Set the listing down exactly; no pictures.

--- DATA ---

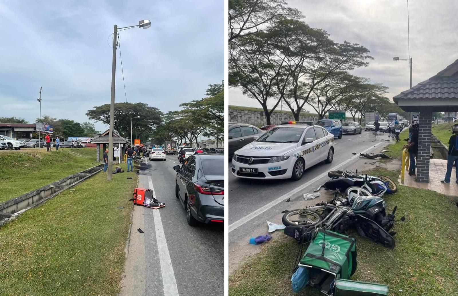 他说,初步调查,事故发生时,夫妇骑着摩哆,准备为电子商务平台送货,岂知摩哆失控撞上对面的 Yamaha Y15ZR 摩哆和轿车。
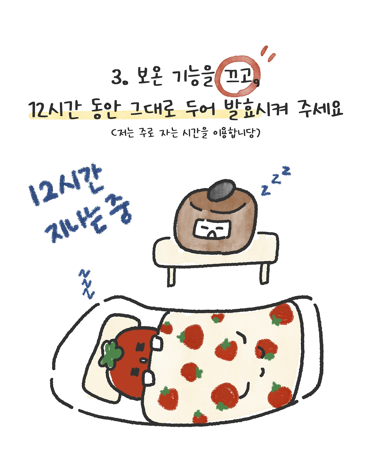 4. 보온기능을 끄고, 12시간 동안 그대로 두어 발효시켜 주세요.
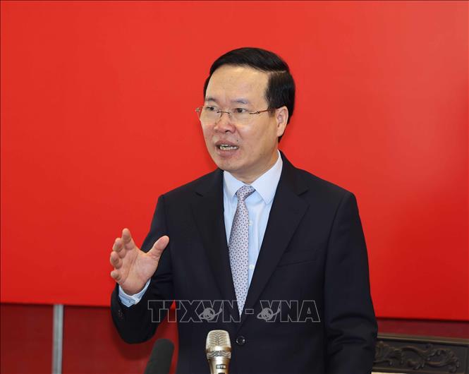 | Chủ tịch nước Võ Văn Thưởng phát biểu tại buổi gặp gỡ. Ảnh: Thống Nhất/TTXVN. |

---

ANSWER TO THIS EXERCISE
 他说,初步调查,事故发生时,夫妇骑着摩哆,准备为电子商务平台送货,岂知摩哆失控撞上对面的 Yamaha Y15ZR 摩哆和轿车。
 4. 보온기능을 끄고, 12시간 동안 그대로 두어 발효시켜 주세요.
 | Chủ tịch nước Võ Văn Thưởng phát biểu tại buổi gặp gỡ. Ảnh: Thống Nhất/TTXVN. |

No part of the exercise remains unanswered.